I receive the error message in Visual Studio 2013

error LNK2019: unresolved external symbol "public: void __thiscall ClassA::Method1(double &)" (??$Method1@AAN@ClassA@@QAEXAAN@Z) referenced in function _wmain

Now if in the main I replace the call to Method1 to classA.Method1(std::move(a))
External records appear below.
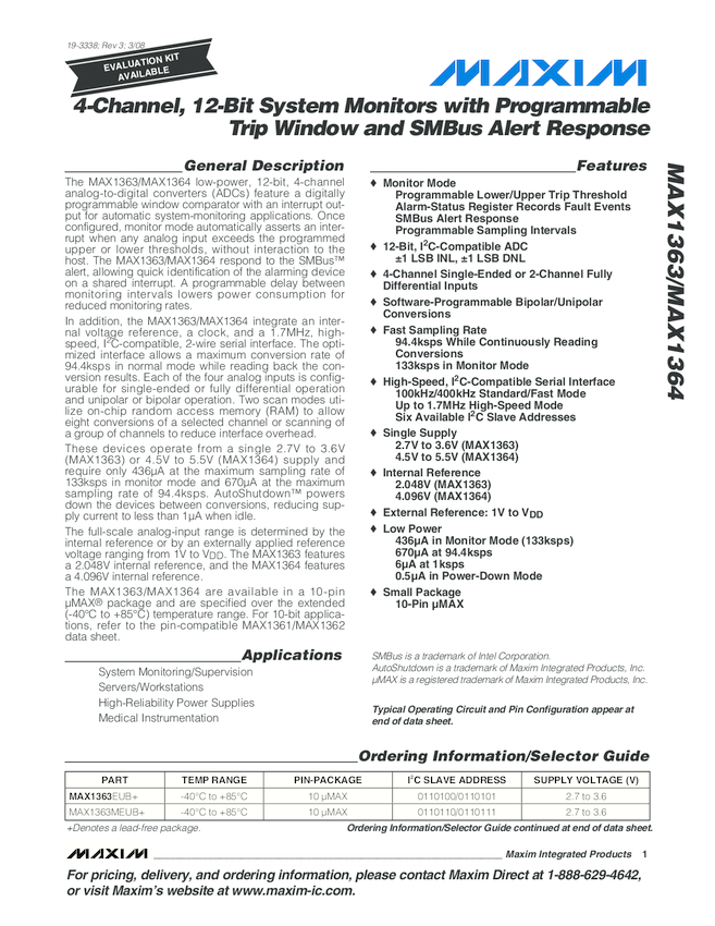 MAX1364 4-Channel, 10-bit, System Monitors with Programmable Trip Windows and SMBus Alert Response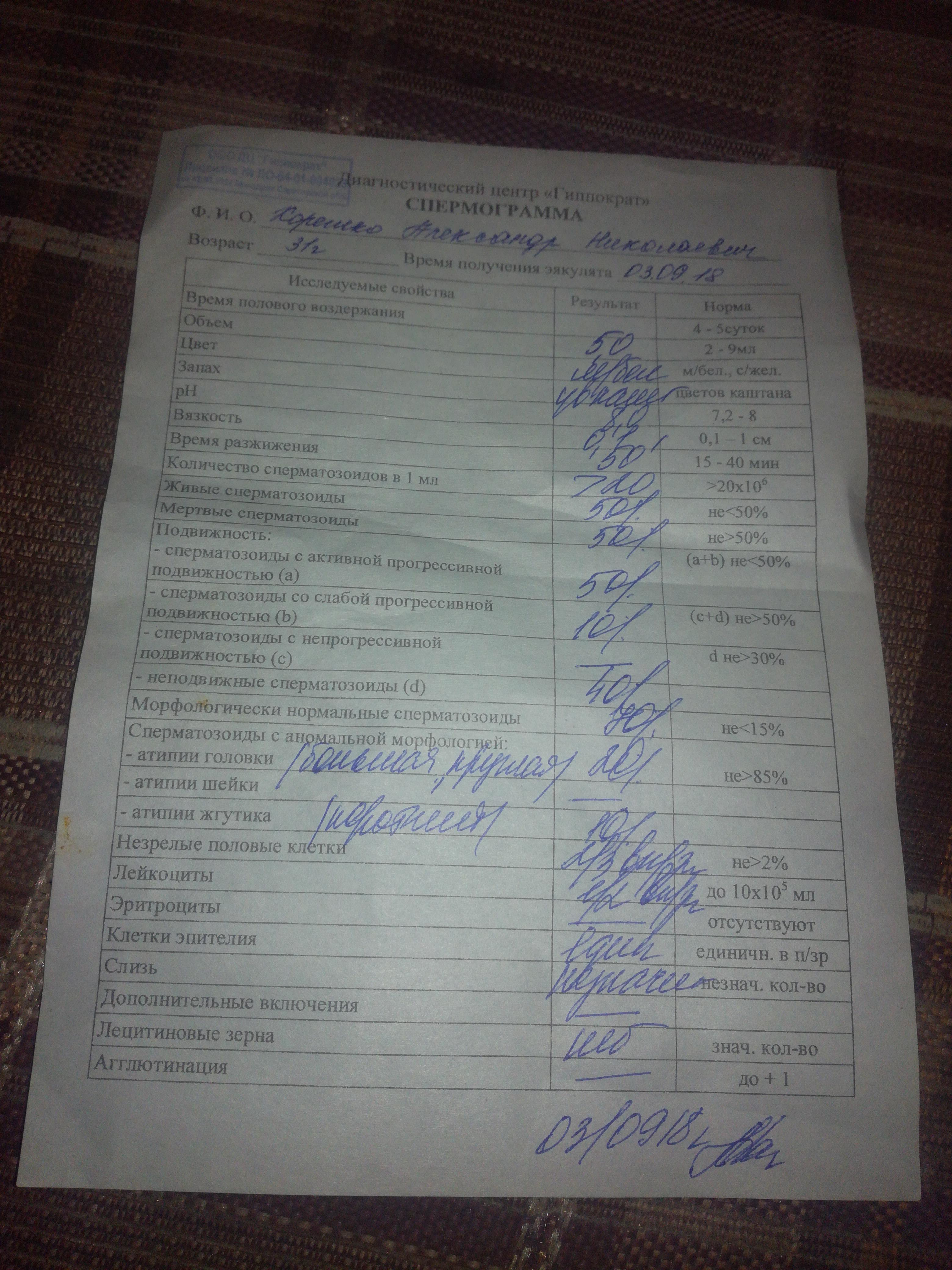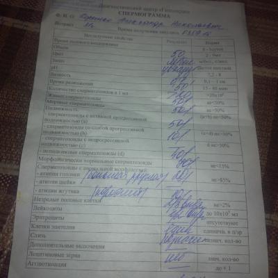 Здравствуйте,я делал сегодня спермограмму,у меня вопрос,у меня нормальные показатели? живые 50 %,мертвые 50%.Из них подвижные 50%,малоподвижные 10%,неподвижные 40%. Морфологически норммальные 70%,аномальные 30%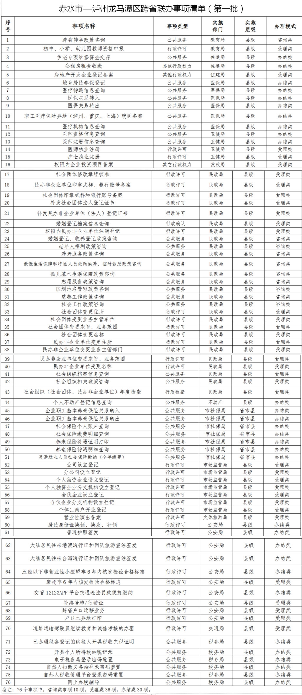 赤水市公安局相关负责人在接受赤水融媒体中心采访时表示,泸赤两地“跨省联办”工作启动,标志着两地公安机关警务合作进入新模式,目前梳理出的户口本异地打印、五座以下非营业性小型轿车、摩托车6年内核发检验合格标志等10个事项,均可在两地政务大厅实现异地办理。“如泸州市龙马潭区居民要将户籍迁移至赤水市,按以往流程,需要按照相关要求将申请材料拿到赤水市政务服务中心公安窗口,由当地窗口受理后出具准迁证,群众带上准迁证到泸州市龙马潭区政务服务中心公安窗口进行办理,并出具迁移证,最后群众再将迁移证带回赤水入户。实现“跨省联办”后,两地公安机关邮寄就可以了,群众不再来回多跑路。”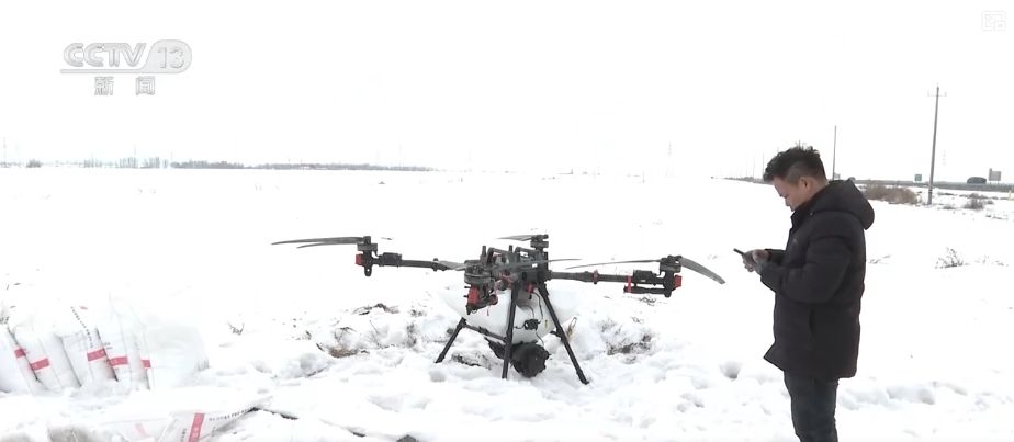 在烏蘇市八十四戶鄉楊家莊子村的高標準農田里,目前,冬雪還未融化,種糧大戶正在通過植保無人機噴灑雪融肥,預防雪腐雪霉病。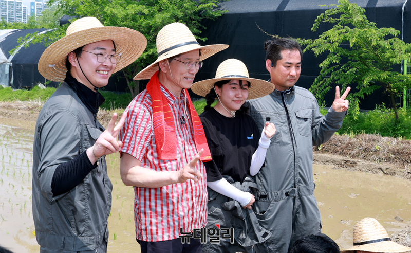 [포토] '청년농업인 모내기 및 새참간담회' 참석한 김문수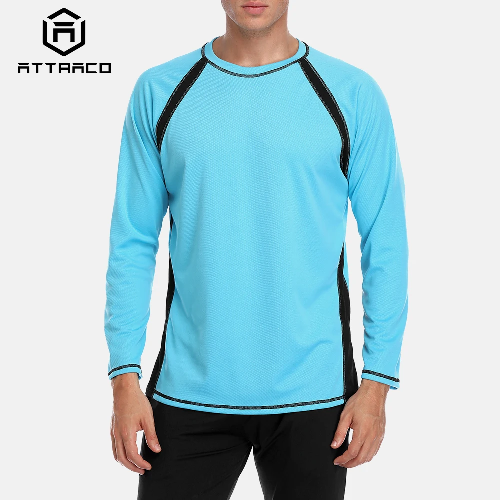 Attraco Для мужчин Long Sleeve Rashguard сухой подходят рубашки Для мужчин Дайвинг костюм для серфинга УФ-защиты Гидромайки Топ UPF 50 + Лоскутные пляжная о...

it compiles fine. Why does the header only version compiles fine without the std::move whereas the version with the implementation requires a std::move to compile?

Piotr Skotnicki
  • 46,953
  • 7
  • 118
  • 160
Tony
  • 153
  • 6
  • The template gets instantiated as a member function accepting an lvalue reference, because this is what you pass. See Meyers' lecture [https://isocpp.org/blog/2012/11/universal-references-in-c11-scott-meyers ] on the subject. – Igor R. Aug 14 '15 at 18:30
  • 2
    How come this question was closed twice as a duplicate of *"templates must be in a header"*, when OP's problem concerns explicit instantiation wrt. forwarding-references? I haven't seen a similar question on SO. I can't reopen it for the second time myself. – Piotr Skotnicki Aug 14 '15 at 18:39

2 Answers2

1

In:

template <typename T>
void Method1(T&& a);

T&& is a forwarding-reference, rather than an rvalue reference.

Now, the call:

classA.Method1(a);

deduces T to be double&. The explicit instantiation you provide:

template void ClassA::Method1<double>(double&&);

is only for rvalue expressions. This is why it compiles and links when you turn a into an xvalue (a kind of an rvalue) with std::move.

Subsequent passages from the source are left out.